User:Dbstream/Booting on x86

From OSDev Wiki
Jump to navigation Jump to search

What this article is not

This article is not about writing a bootloader. It is also not a tutorial, so don't treat it like one. This article is about writing an operating system kernel that boots, more specifically writing a kernel for a 64-bit x86 machine that boots using an already existing boot protocol such as multiboot2.

This article is not a programming tutorial. It is not an x86 assembler tutorial. Some familiarity with the GNU as syntax is assumed.

There is a much more modern alternative to multiboot2 available, the Limine boot protocol. But, this article will focus mainly on multiboot2, because that's where most mistakes will be made. A lot of the techniques in this article can be applied in other areas and for other boot protocols as well, but you should carefully consider whether or not there are other alternatives available. For example, I wouldn't do any unneccessary operations involving page tables in an assembler entry stub if I was writing a Limine kernel, and you cannot load a Limine kernel in lower-half memory.

Relocatable kernel image

It is trivial to write a multiboot2 kernel that can only be loaded in one place, but much more awesome to have a fully relocatable kernel image that can be loaded anywhere in the lower 4GiB of RAM. GRUB2 probably supports relocating an ELF64 image, but do we trust GRUB2? Personally, I have my doubts, not to speak of how multiboot2 enters the kernel in 32-bit mode.

This article assumes that you are writing a lower-half 64-bit kernel, which is very effective for a prekernel (which can be thought of as something in-between the bootloader and your "real" kernel, as it extracts the "real" kernel and constructs page tables that map it from the higher-half).

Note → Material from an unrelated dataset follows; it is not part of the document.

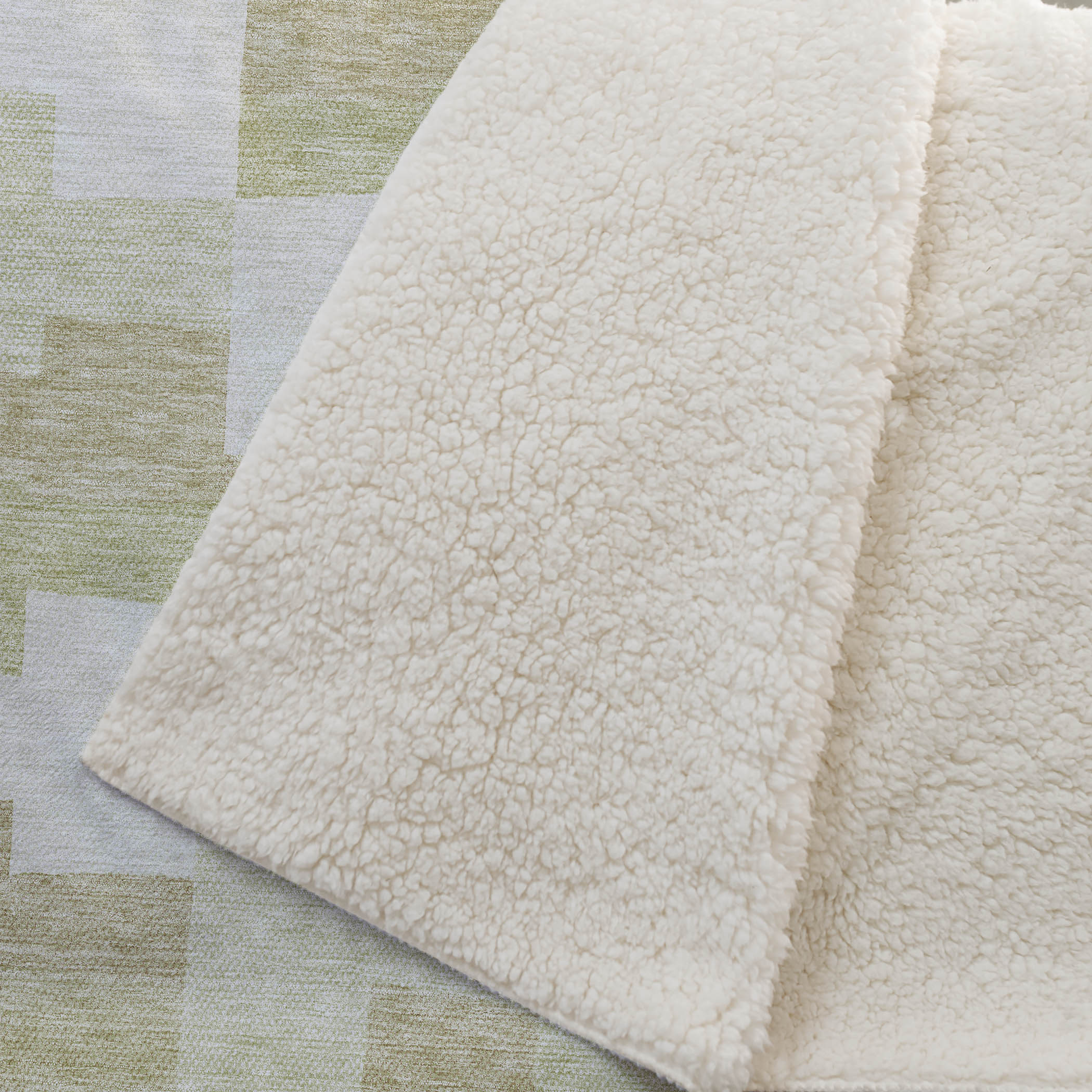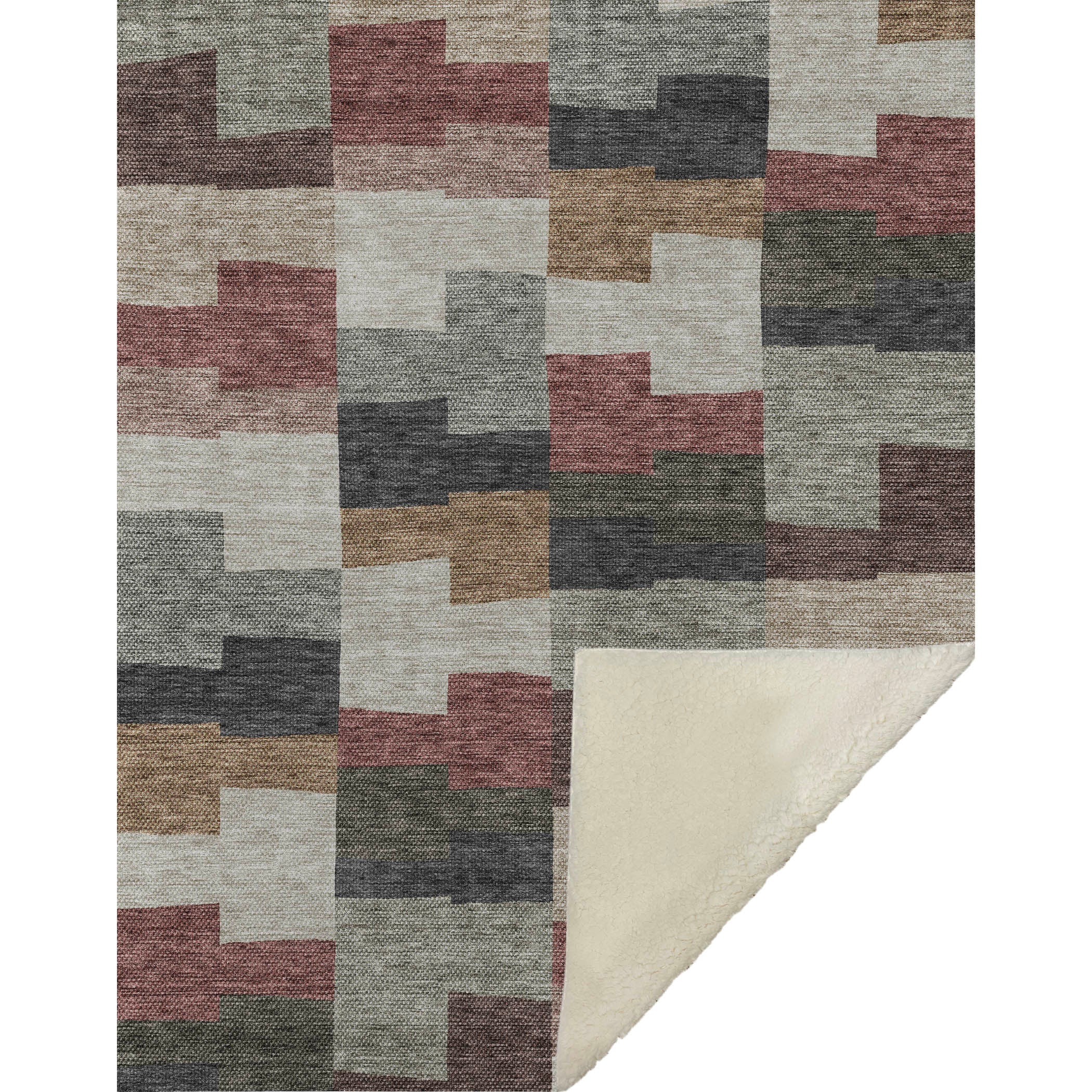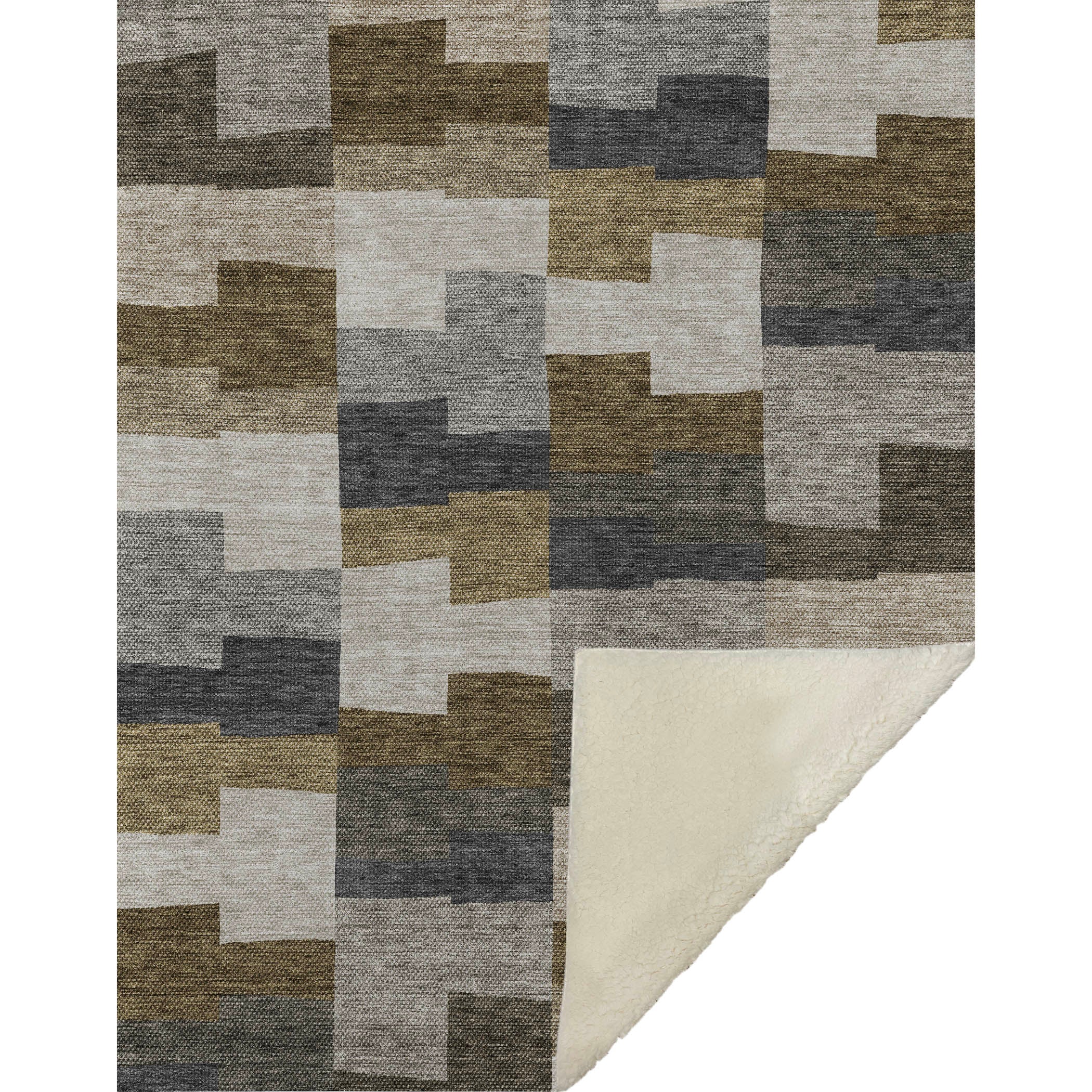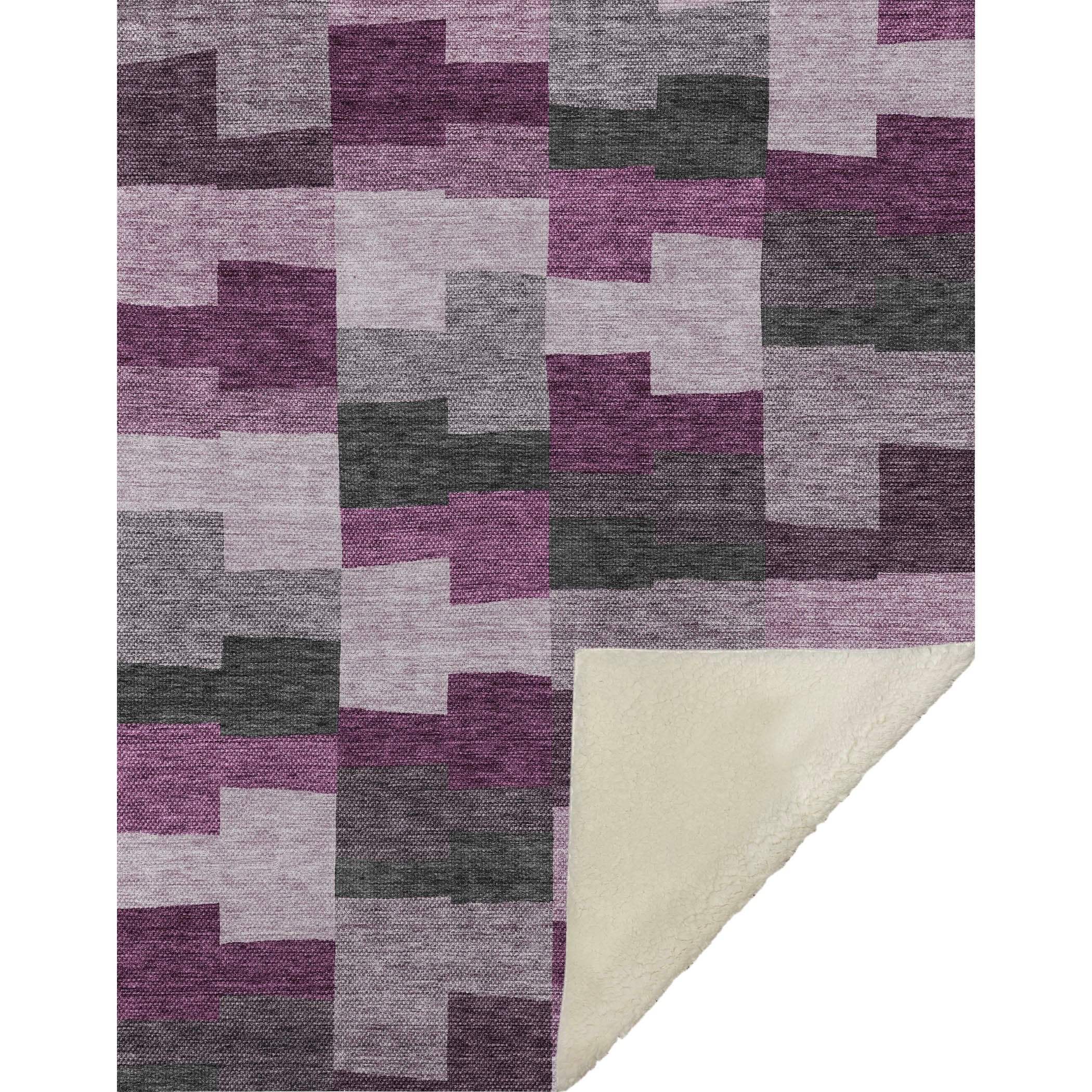 Discover the geometric allure with beautifully arranged irregular block shapes in horizontal lines. This transitional piece, boasting oversized dimensions of 50" x 70", features an incredibly soft-touch front coupled with a warm sherpa backing for superior relaxation. Crafted from fade-resistant polyester microfiber, it suits both indoor and covered outdoor locales, and its premium machine washable construction allows for easy maintenance.

All C code is assumed to be compiled with -mcmodel=large -fPIE, and the kernel is expected to be linked as -pie.

Linker script

It is a good idea to link the kernel into an ELF64 image and then objcopy it into a binary. This can be done using the following Makefile fragment (please adapt to your own build system):

kernel: kernel.elf
        x86_64-elf-objcopy -O binary kernel.elf kernel

# note how 'kernel.lds' is explicitly listed as the first dependency
# of 'kernel.elf', so it will become the argument to '-T'.
kernel.elf: kernel.lds $(kernel-objs)
        x86_64-elf-ld $(LDFLAGS) -T $^ -o $@

The linker script will link the kernel at virtual address 0, for simplicity. This conflicts with lots of things already in memory at that location, but the kernel image is relocatable and will actually be loaded at some other place in the lower 4GiB of RAM.

The multiboot2 header needs to go very early in the kernel image, so why not place it first?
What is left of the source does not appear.